Strangely, I can't say the film was necessarily bad, though. I didn't fully understand it, but I was definitely disturbed by it. The dinner at the girl's house darn near made me ill...sorry, can't handle grostesque food. That one gets to me. The idea of the...um, thing...that is the baby is definitely a disturbing one, and to consider it to be a result of the world they're in is kind of frightening when you consider the direction this world has always been heading in. Their world is either post-apocalyptic or just the wrong side of the tracks...never sure which.
The sound on this one is always loud. The one thing that permeates this film is the constant drone of the noise from outside the buildings. That is the soundtrack. The only music here is the occasionally tinny record player that squeaks out some old timey musak. It's enough to make you crazy, but I believe that was the intent -- to immerse you completely in this world.
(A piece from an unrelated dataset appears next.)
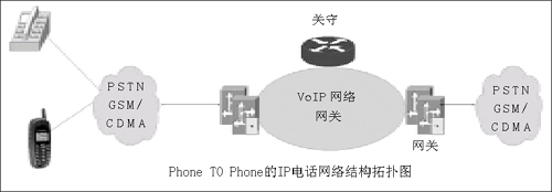 雖然從方式上看,IP話音業(yè)務(wù)包括了Phone TO Phone、PC TO Phone及PC TO PC三種方式,但是國內(nèi)主流的IP電話網(wǎng)絡(luò)仍然是以Phone TO Phone方式進行,其網(wǎng)絡(luò)拓?fù)浣Y(jié)構(gòu)如圖所示。

Lynch has said before that he believes movies should be like the world we live in: not everything makes sense all the time. Things should happen at random and leave with no explanation whatsoever. This philosophy is well within this, which is his first feature film. It is equally clever, bizarre, and ridiculous. One the one hand, the pacing feels slow, but on the other, speeding it up would have blown some of the mood. On the one hand, the imagery doesn't make any sense at all and the mutant baby makes even less sense, but on the other hand, the film feels well constructed, so maybe it is beyond me to figure it out at the moment. Maybe I am so ensconsed in traditional storytelling that I'm unable to read something that is outside the box. I mean, I used storytelling techniques to decipher the big twist of Oldboy just because it was an inevitability within the plot given to that point. This one doesn't follow any rules at all, and maybe that does bug me.
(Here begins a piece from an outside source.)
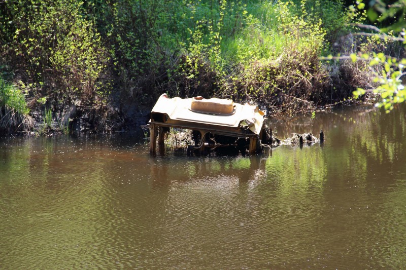 Собрали удочки, спиннинги, снасти и пр. и двинулись по тропе через болото. Вышли к реке, у противоположного берега которой торчал из воды кусочек трактора.

In the end, I can see this one going both ways. Like some of his other films, I want to watch it again someday to see if I can get more of it the second time around. It has something to it that I can't shake, and it is likely that feeling that makes this film better than it seems on the surface. After all, it is a rare Lynch film that can be taken at surface value, and this one definitely dosn't give you much on the proverbial surface.